The 18-member committee, made up of nine men and nine women, is disproportionately white when compared to the student body. Across all IU campuses, 66% of students are white. Because of this, the search for a new president has gone forward without the voices of several underrepresented groups fighting to be heard on campus.
Even though this committee claims reviewing candidates of different backgrounds as a top priority, this promise is about as concrete as a New Year’s resolution.
“If we didn’t meet the other numbers in diversity, we certainly feel that the committee that we have are made up of people who have this at the top of their charge,” IU spokesperson Chuck Carney said in a Jan. 11 Indiana Daily Student article.
It is not enough to “feel” the committee is prioritizing diversity. Students need tangible reasons to trust the selected committee, which the university has failed to do by not prioritizing diversity in the committee’s membership.
Enough is enough. No more making promises or only saying you’re prioritizing diversity. When decisions about the university are being made, it’s time regulations are put in place to ensure there is equal representation of all students who call IU home.
Students have already demonstrated how to make certain underrepresented groups are heard. In IUSG’s Congress, students in and outside of government fought for guaranteed representation across a wide range of identities. Passed in December, the amendment adds a minimum of 31 seats in the body of Congress for a wide-range of multicultural groups and will go to the student body for ratification on Jan. 22.
The university’s administration should follow the lead of their own students and expand the committee to hear all voices.
If this means making committees bigger, then that’s what needs to be done. If this means allowing more students from a variety of organizations to participate, then what harm could the leaders of our university experience from hearing their opinions?
Campus leaders such as Kelley School of Business Director of Diversity Carmund White said he expected a lack of diversity. If a disproportionately white committee was an expectation, why didn’t the university do something beforehand to prevent it?

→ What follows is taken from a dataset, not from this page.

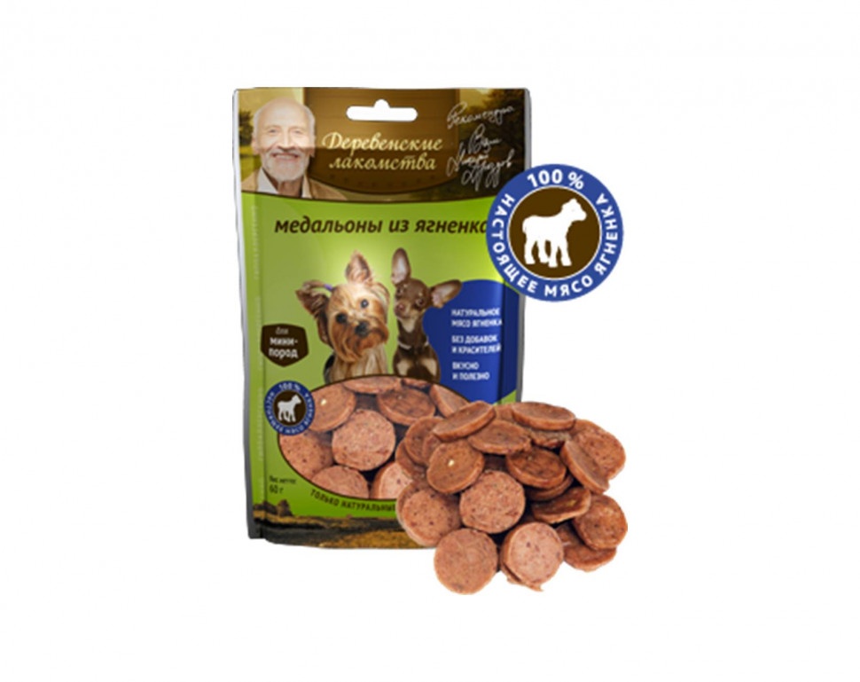 ДЕРЕВЕНСКИЕ ЛАКОМСТВА для мини-пород Медальоны из ягненка 55 гр

The university wasn’t listening or considering listening to traditionally underrepresented groups when developing the search committee. To be a good white ally, a person not only needs to care, but they also need to listen and take action. A simple checklist for white allies against racism can show what actions the university’s administration neglected, such as ensuring the inclusion of people of color in group dynamics.
“For me, being a white ally in this moment means a few things,” Molly Sweeney, a community organizer at 482 Forward in Detroit, told Vox in June. “I think No. 1, it means listening deeply to the needs and asks of leaders of color in your community.”

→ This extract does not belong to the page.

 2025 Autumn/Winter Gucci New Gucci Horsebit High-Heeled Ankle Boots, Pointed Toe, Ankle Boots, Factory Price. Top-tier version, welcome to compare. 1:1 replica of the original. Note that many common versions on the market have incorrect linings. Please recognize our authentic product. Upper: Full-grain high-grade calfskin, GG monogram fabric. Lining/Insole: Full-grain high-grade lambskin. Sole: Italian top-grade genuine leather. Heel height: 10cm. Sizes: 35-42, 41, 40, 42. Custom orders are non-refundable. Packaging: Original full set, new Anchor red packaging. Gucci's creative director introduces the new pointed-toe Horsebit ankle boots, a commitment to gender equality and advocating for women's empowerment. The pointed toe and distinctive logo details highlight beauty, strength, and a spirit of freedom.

How can we expect the committee to prioritize diversity when they failed to listen to underrepresented voices in the first place?
It is senseless and wholly insufficient to rely on white committee members to speak for underrepresented students. Only a person of color can know what it is like to walk around a primarily white campus and be seen as out of place. Only they can know what change is needed.

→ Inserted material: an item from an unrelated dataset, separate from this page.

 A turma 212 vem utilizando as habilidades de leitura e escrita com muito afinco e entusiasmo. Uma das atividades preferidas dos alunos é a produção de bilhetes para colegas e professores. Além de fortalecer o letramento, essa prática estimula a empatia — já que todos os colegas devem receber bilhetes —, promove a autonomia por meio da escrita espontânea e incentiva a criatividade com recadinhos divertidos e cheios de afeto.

This committee is separate from the student population. The town halls intended to gather student feedback occurred just once for each IU campus. Except for a single undergraduate student on the search committee, IUSG President Rachel Aryani, and a select few students who are allowed to help advise, the process is inaccessible for many students.
To those students lucky enough to have a voice; I beg you not to forget those who don’t.
It is foolish for our university to go into 2021 and to repeat exclusionary old habits. Regression is not an option. The university must expand the committee to include more diverse voices.
It’s time to open doors, demand diversity and allow students who may eventually call IU home to feel they are not only being prioritized but represented at the university’s highest levels.